▸ EXERCISE BRIEF
The answer is the line that contains "Het begon als" followed by every later line of the entries below, each repeated exactly, and nothing else.

-.-.-

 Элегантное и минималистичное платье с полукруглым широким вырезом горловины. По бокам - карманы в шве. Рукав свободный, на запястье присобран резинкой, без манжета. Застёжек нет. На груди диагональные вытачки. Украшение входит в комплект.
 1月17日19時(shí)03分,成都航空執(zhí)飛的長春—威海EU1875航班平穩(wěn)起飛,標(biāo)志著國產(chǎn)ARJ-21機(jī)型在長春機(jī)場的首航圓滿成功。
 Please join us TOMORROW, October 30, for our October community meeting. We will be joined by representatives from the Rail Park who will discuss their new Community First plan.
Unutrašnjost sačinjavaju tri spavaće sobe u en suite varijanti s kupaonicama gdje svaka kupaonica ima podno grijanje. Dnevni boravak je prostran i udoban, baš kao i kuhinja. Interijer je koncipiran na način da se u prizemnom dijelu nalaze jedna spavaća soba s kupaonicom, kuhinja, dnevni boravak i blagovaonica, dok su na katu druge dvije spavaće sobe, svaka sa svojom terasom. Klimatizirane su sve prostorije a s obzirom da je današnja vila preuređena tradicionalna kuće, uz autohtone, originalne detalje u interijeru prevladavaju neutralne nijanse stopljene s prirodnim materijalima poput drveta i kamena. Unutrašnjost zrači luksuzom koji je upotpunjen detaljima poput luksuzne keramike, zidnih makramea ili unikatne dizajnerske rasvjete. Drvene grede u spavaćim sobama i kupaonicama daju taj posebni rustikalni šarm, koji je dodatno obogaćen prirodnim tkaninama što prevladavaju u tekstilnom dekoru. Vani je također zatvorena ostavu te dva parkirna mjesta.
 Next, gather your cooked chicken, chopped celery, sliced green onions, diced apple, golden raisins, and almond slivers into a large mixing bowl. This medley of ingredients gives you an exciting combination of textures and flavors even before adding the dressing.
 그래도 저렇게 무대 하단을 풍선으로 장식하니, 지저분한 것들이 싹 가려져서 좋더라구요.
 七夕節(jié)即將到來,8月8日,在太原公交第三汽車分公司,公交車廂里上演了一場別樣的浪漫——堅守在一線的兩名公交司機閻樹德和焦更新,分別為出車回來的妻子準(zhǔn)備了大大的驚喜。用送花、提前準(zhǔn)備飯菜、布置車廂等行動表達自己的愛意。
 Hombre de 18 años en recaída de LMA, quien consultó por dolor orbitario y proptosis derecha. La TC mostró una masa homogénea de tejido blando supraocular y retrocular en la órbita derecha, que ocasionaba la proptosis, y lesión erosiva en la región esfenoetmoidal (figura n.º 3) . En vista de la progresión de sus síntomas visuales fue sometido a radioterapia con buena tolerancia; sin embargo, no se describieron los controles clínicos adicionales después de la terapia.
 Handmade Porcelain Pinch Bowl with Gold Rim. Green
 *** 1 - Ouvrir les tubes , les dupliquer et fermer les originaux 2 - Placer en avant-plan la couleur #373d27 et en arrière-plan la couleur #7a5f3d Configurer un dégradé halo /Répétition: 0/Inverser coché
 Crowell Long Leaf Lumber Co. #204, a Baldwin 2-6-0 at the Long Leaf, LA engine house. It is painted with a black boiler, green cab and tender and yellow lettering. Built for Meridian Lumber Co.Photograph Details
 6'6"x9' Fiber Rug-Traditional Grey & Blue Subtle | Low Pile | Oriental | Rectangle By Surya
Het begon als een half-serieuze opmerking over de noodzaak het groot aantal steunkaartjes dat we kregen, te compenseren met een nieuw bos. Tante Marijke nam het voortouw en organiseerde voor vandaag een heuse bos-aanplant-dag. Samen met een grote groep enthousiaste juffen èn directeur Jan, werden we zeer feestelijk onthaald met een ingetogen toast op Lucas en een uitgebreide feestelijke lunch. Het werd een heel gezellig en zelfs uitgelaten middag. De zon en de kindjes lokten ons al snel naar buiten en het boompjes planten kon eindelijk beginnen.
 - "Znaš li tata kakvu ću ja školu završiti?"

-.-.-

▸ FINAL ANSWER
Het begon als een half-serieuze opmerking over de noodzaak het groot aantal steunkaartjes dat we kregen, te compenseren met een nieuw bos. Tante Marijke nam het voortouw en organiseerde voor vandaag een heuse bos-aanplant-dag. Samen met een grote groep enthousiaste juffen èn directeur Jan, werden we zeer feestelijk onthaald met een ingetogen toast op Lucas en een uitgebreide feestelijke lunch. Het werd een heel gezellig en zelfs uitgelaten middag. De zon en de kindjes lokten ons al snel naar buiten en het boompjes planten kon eindelijk beginnen.
 - "Znaš li tata kakvu ću ja školu završiti?"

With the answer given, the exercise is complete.